Posted by: Mike | Dec 22, 2021 4:47:32 PM

"The reason the President will not invoke clemency here is because if one of the grantee's commits a horrible crime commentators like asshole Tom Cotton (who did what to him as a child to spur his vindictive views?) will smack their lips and seize as supposed evidence that the Democrats are too soft on crime."

Translation: "The President is too much of a coward to stand up to blowback from meanies."

Well goodness gracious! You heard it here first!!

"There is no logical basis for 'conservatives'...to start their missive with a sob story about a victim..."

However there's LOTS of logical basis for liberals to start their missive with a sob story about Dzhokhar Tsarnaev. They might even do a gushing Rolling Stone article on him.....oh.....wait..........

"...and the truism that the person would still alive if not for the parole or clemency."

To those who suspect I'm paying Mike to make these remarks, I can only say that, while it might be a shrewd investment, I SWEAR it ain't so!
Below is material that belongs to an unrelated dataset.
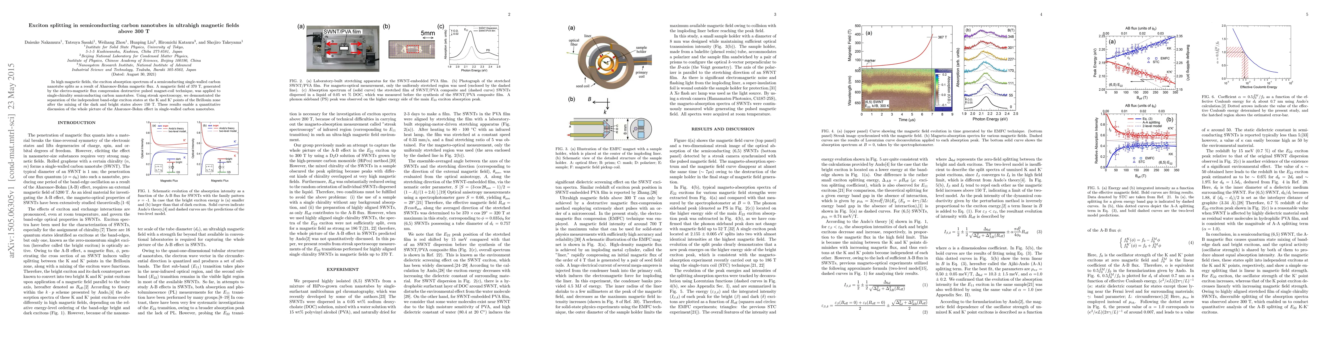 This study investigates exciton splitting in semiconducting carbon nanotubes under ultrahigh magnetic fields exceeding 300 T, revealing the separation of band-edge exciton states due to the Aharonov-Bohm effect, as demonstrated using streak spectroscopy. The findings provide a comprehensive understanding of the effect in these nanomaterials.

Posted by: Bill Otis | Dec 22, 2021 6:36:29 PM

Bill Otis,

It is the Holiday season. Your are 75-years-old. Do you really have nothing better to do than engage in pathetic, sarcastic sniping on a comment board and try to uphold the dated "old, mean, retributive, white guy" point of view. Give it a break. Merry Christmas to you and yours.


Posted by: Alex | Dec 22, 2021 8:02:05 PM

Alex --

I also swear I didn't pay you to toss race into the pot. Of course I didn't have to pay you, since it was a good bet that one of you from the Crime-Is-Cool contingent would toss it in for free, as usual.